Any ideas how to squeeze some cycles out of it?

任何想法如何从中挤出一些周期？

(Note: this question is for people that enjoy such things, not for people to tell me xyzoptimization is evil.)

（注意：这个问题是针对喜欢这些东西的人，而不是让人们告诉我 xyzoptimization 是邪恶的。）

[edit]Thanks everyone for the ideas! I've learnt a few other things, too. Cool!

[编辑]感谢大家的想法！我也学到了一些其他的东西。凉爽的！

Answer 1

回答by Anton Tykhyy

Bit Twiddling Hacksoffers an excellent collection of, er, bit twiddling hacks, with performance/optimisation discussion attached. My favourite solution for your problem (from that site) is ?multiply and lookup?:

Bit Twiddling Hacks提供了一系列优秀的，呃，bittwiddlinghack，并附有性能/优化讨论。对于您的问题（来自该站点），我最喜欢的解决方案是？

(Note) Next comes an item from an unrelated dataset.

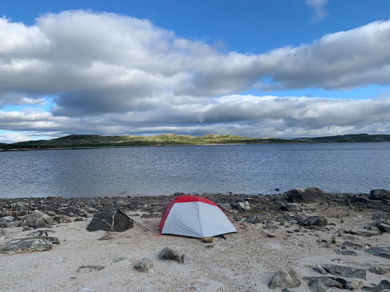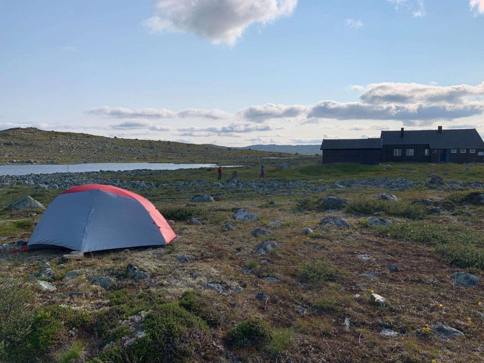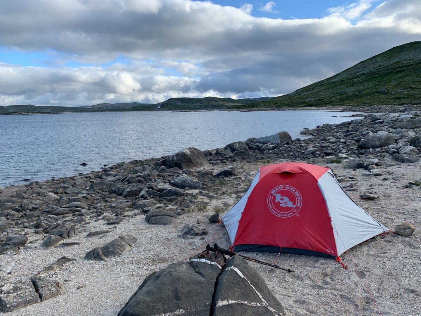 En liten rapport etter 3 netter i mitt nye Big Agnes Copper Spur HV2 Expedtion. Turen gikk på Hardangervidda, fra Haugastøl til Mogen. Må si jeg var litt spent på et amerikansk 3-sesongers med løs ytterduk. Har et Staika fra før so for meg blir referansen for et 2-manns fjelltelt. Med en god del vind de 3 første dagene, anslagsvis i området opp til nominelt 8-9-10 ms, ble det grei test på vindegenskaper og jeg har vel fått bekreftet at valget av Expedition utgaven var det riktige - for meg. Forskjellen mellom Expedition og non-expedition utgavene (foruten en vektforskjell på ca 1 kg) ligger i at Expedition bruker hel duk i innertelt, har kraftigere stenger, kraftigere duk osv. I tillegg er altså innerteltet i Expedition "hel ved" og ikke kun mesh. På Expedition kan du heller ikke bruke yttertelsdøren som "Baldakin". Det blir litt vektforskjeller mellom disse versjonene, Expedition til venstre. Mitt eksemplar veier inn på akkurat 2.4kg: Det skulle fort vise seg at akkurat tett innertelt var lurt - med ventilasjonspanelene helt åpne trakk det merkbart når det blåste som mest. Med litt justering av åpningene ble det etterhvert riktig så lunt og fint inne i teltet. Argumentet om at "det er greit å ha god sovepose, for det trekker mye i innerteltet" (klarer ikke å finne igjen den kommentaren fra en annen tråd) ble viktig for mitt valg av modell. Teltet takler vind forbløffende bra! Litt positivt overrasket - konservativ som jeg er, har jeg nok vært noe skeptisk til "rakkelverket" av et stangskjelett, men innså ikke at "edderkoppen" med stangkryss i midten faktisk utgjør to relativt avstivede trekanter, med den stivheten det innebærer, kontra tradisjonelle buer som krysser. Innerteltets innfesting, med klips over stengene, bidrar også til avstivningen. Resultatet er at teltet leer seg knapt i vindkasta, ihvertfall i de styrkene jeg opplevde disse dagene. Oppsett i vind gikk greit: jeg plugget ned innertelt først, med fotenden opp mot vinden (hodeenden er den halvdelen av innerteltet som innerteltsdørene åpner for). Teltet har grå og røde koder for fot- og hodeende. Sett opp stangskjellettet og tre de på plass i maljene sine. Hekt på klips til innertelt og fest tverrstanga til slutt. Så kneppes de grå klipsa på ytterteltet i fotenden fast. Hold duken samlet og fest borrelåsene som sitter under hvert bardunfeste rundt stengene. Dette er viktig, ihvertfall i vind - du forankrer bardunen til stanga på denne måten, slik at bardunen ikke bare er festet i ytterteltsduken. Fortsett "medvinds" til du har kneppet fast duken i de røde klipsene. Stram så opp ytterduken i hvert av de fire klips-festene. Deretter barduner. Av en eller annen uforståelig grunn har BA valgt å sende med 10 plugger, riktignok av god kvalitet, mens du egentlig trenger 12. Merkelig sted å spare penger - det kan kanskje diskuteres om du egentlig trenger de siste 2 - for utspenning midt på endeveggene, men allikevel... Jeg valgte å ta med Hillebergpluggene mine - i hovedsak fordi de er noe lettere. Som det skulle framgå av bilder er det grei plass - til 1. Hvordan noen ser for seg at dette skal være et 2-manns telt er litt uklart for meg. Det finnes ikke mindre enn 12 +1 små og store lommer i innerteltet. +1 er dekslet for lufteluka rett over hodeposisjon -hvis den er lukket, dobler den fint som lomme, men hvis luka er åpen, forsvinner den muligheten. Kjempedigg med så mange lommer! Her har Hilleberg noe å lære! I tillegg finnes det hemper for tørkesnorer "overalt". Sømkvaliteter og generell finish er bra. Innerhøyden er ok, men ikke mer. litt lavt til å stå på kne på underlaget og ta av og på klær, men det går. Har ikke fått testet teltet i regnvær, så jeg skal ikke si så mye om hvordan det vil arte seg, men jeg er kanskje noe overrasket over mengden kondens på innsiden av yttertelt på morgenen når jeg skal leggge sammen teltet. På en teltkonstruksjon av denne arten, med åpne skjørt hele veien rundt, og med masse vind og luftbevegelse, hadde jeg forventet mye mindre av denslags. Innerteltet var helt tørt alle dagene. Den løse ytterduken har jo også den fordelen at jeg ka ta av duken og riste den nesten tørr før jeg pakker den ned. det er litt verre med Staikaen - det kan gjøres, men det blir mer fomlete... Ellers er det grei plass for Jetboil'en - ingen angst for å komme for nær telduken. Lite og ingen effekt av oppvarming i teltet fra matlaging, antar den varmen bare er for kråka. Jeg hadde nok ikke stastet på dette teltet på tidspunkter hvor oppvarming ble viktig - da ville jeg hatt noe med duk helt ned til bakken, tror jeg. Alt i alt har dette teltet vært i overkant av hva jeg ventet - veldig godt fornøyd! På morgenkvisten ved Lågaros Ved Ørteren Grei plass for å fyre opp en liten Jetboil Tomannstelt? Neppe! Sittehøyde med et chairkit er ok Ved Lågaros
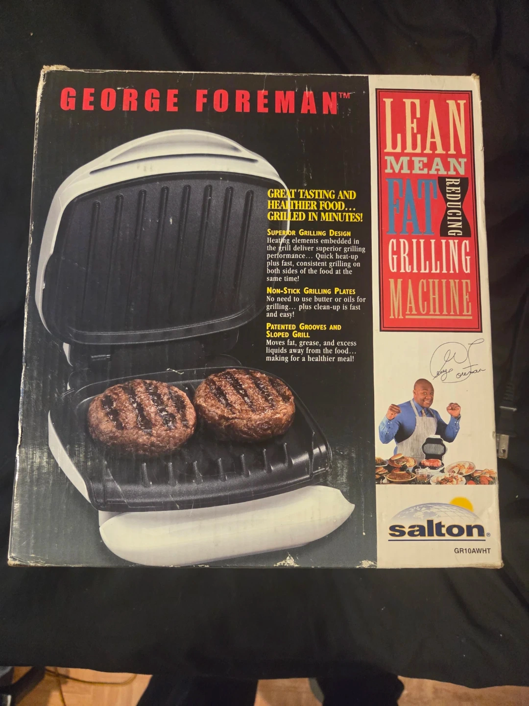 Selling a George Foreman Lean Mean Fat Reducing Grilling Machine. It has superior grilling design with heating elements embedded in the plates for quick heat-up and even cooking. The non-stick grilling plates mean no need to use butter or oils for cooking, and clean-up is easy. It also moves fat, grease, and excess oils away from your food making for a healthier meal. Model number GR10AWT

乘法和查找？：

unsigned int v;  // find the number of trailing zeros in 32-bit v 
int r;           // result goes here
static const int MultiplyDeBruijnBitPosition[32] = 
{
  0, 1, 28, 2, 29, 14, 24, 3, 30, 22, 20, 15, 25, 17, 4, 8, 
  31, 27, 13, 23, 21, 19, 16, 7, 26, 12, 18, 6, 11, 5, 10, 9
};
r = MultiplyDeBruijnBitPosition[((uint32_t)((v & -v) * 0x077CB531U)) >> 27];

Helpful references:

有用的参考资料：

"Using de Bruijn Sequences to Index a 1 in a Computer Word" - Explanation about why the above code works.
"Board Representation > Bitboards > BitScan" - Detailed analysis of this problem, with a particular focus on chess programming

“使用 de Bruijn 序列索引计算机单词中的 1” - 解释上述代码为何有效。
“ Board Representation > Bitboards > BitScan” - 这个问题的详细分析，特别关注国际象棋编程

Answer 2

回答by ephemient

Why not use the built-in ffs? (I grabbed a man page from Linux, but it's more widely available than that.)

为什么不使用内置的ffs？（我从 Linux 中获取了一个手册页，但它比这更广泛可用。）

ffs(3) - Linux man page
Name
ffs - find first bit set in a word
Synopsis
#include <strings.h>
int ffs(int i);
#define _GNU_SOURCE
#include <string.h>
int ffsl(long int i);
int ffsll(long long int i);
Description
The ffs() function returns the position of the first (least significant) bit set in the word i. The least significant bit is position 1 and the most significant position e.g. 32 or 64. The functions ffsll() and ffsl() do the same but take arguments of possibly different size.
Return Value
These functions return the position of the first bit set, or 0 if no bits are set in i.
Conforming to
4.3BSD, POSIX.1-2001.
Notes
BSD systems have a prototype in <string.h>.

ffs(3) - Linux 手册页
姓名
ffs - 找到一个字中的第一个位
概要
#include <strings.h>
int ffs(int i);
#define _GNU_SOURCE
#include <string.h>
int ffsl(long int i);
int ffsll(long long int i);
描述
ffs() 函数返回在字 i 中设置的第一个（最低有效）位的位置。最低有效位是位置 1，最高有效位是例如 32 或 64。函数 ffsll() 和 ffsl() 执行相同的操作，但采用可能不同大小的参数。
返回值
这些函数返回第一个位集的位置，如果没有在 i 中设置位，则返回 0。
符合
4.3BSD，POSIX.1-2001。
笔记
BSD 系统的原型是<string.h>.

Answer 3

回答by Mehrdad Afshari

There is an x86 assembly instruction (bsf) that will do it. :)

有一个 x86 汇编指令 ( bsf) 可以做到这一点。:)

More optimized?!

更优化？！

Side Note:

边注：

Optimization at this level is inherently architecture dependent. Today's processors are too complex(in terms of branch prediction, cache misses, pipelining) that it's so hard to predict which code is executed faster on which architecture. Decreasing operations from 32 to 9 or things like that might even decrease the performance on some architectures. Optimized code on a single architecture might result in worse code in the other. I think you'd either optimize this for a specific CPU or leave it as it is and let the compiler to choose what it thinks it's better.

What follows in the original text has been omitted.